BEGIN Supplied data
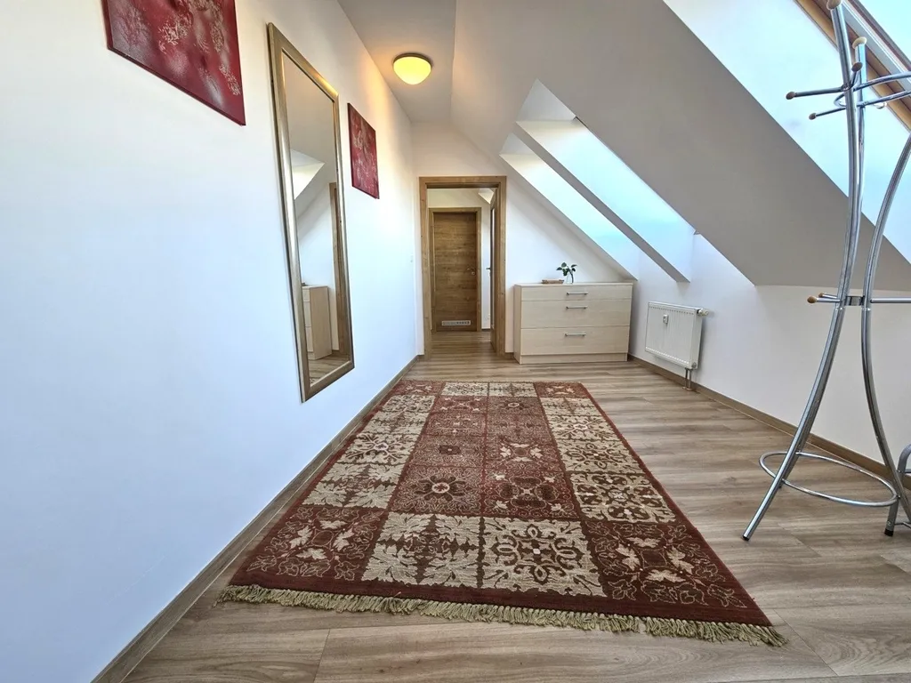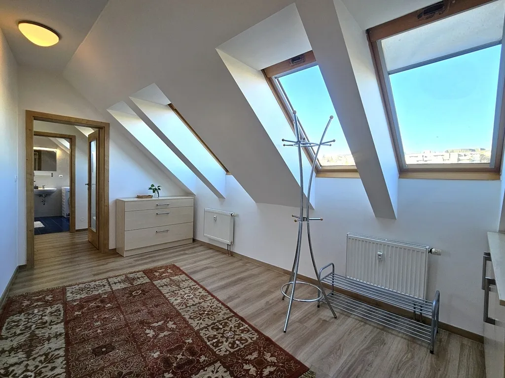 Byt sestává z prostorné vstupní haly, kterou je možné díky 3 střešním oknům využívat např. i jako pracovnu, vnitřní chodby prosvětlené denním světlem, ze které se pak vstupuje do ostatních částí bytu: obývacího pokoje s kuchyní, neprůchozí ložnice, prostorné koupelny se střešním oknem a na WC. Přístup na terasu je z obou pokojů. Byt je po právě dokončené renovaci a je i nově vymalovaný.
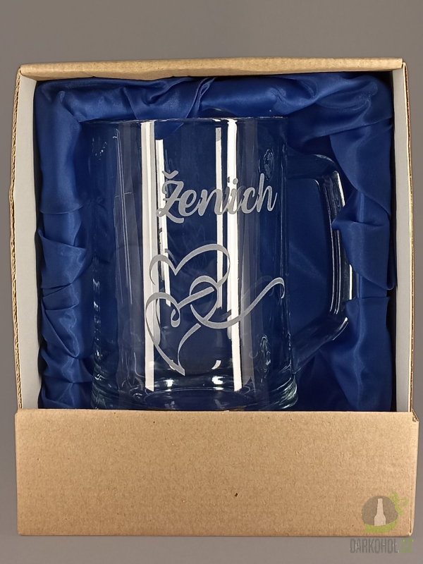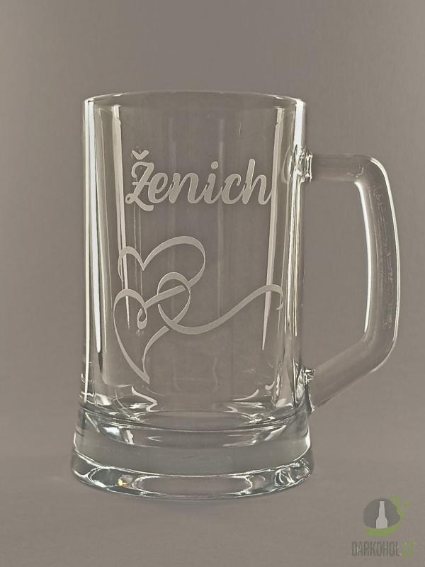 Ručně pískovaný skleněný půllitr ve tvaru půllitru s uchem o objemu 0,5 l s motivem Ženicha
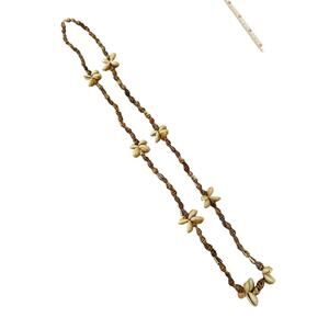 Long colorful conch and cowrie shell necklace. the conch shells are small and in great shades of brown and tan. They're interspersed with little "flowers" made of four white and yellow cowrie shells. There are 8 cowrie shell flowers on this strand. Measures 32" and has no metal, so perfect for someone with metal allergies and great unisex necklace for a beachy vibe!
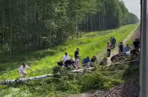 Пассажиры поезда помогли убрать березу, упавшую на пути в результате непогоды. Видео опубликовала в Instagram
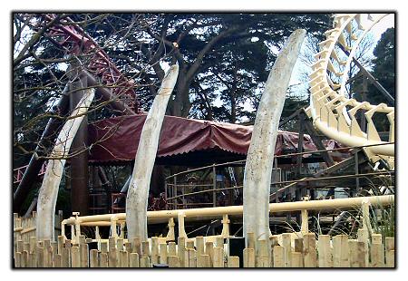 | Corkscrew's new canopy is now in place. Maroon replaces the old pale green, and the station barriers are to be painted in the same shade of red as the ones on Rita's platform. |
END Supplied data
* Exercise instructions:
Could you repeat, exactly and with nothing else, the lines from the first line of the records through the line containing "Пассажиры поезда помогли"? Leave out the pictures.

* Written response:
 Byt sestává z prostorné vstupní haly, kterou je možné díky 3 střešním oknům využívat např. i jako pracovnu, vnitřní chodby prosvětlené denním světlem, ze které se pak vstupuje do ostatních částí bytu: obývacího pokoje s kuchyní, neprůchozí ložnice, prostorné koupelny se střešním oknem a na WC. Přístup na terasu je z obou pokojů. Byt je po právě dokončené renovaci a je i nově vymalovaný.
 Ručně pískovaný skleněný půllitr ve tvaru půllitru s uchem o objemu 0,5 l s motivem Ženicha
 Long colorful conch and cowrie shell necklace. the conch shells are small and in great shades of brown and tan. They're interspersed with little "flowers" made of four white and yellow cowrie shells. There are 8 cowrie shell flowers on this strand. Measures 32" and has no metal, so perfect for someone with metal allergies and great unisex necklace for a beachy vibe!
 Пассажиры поезда помогли убрать березу, упавшую на пути в результате непогоды. Видео опубликовала в Instagram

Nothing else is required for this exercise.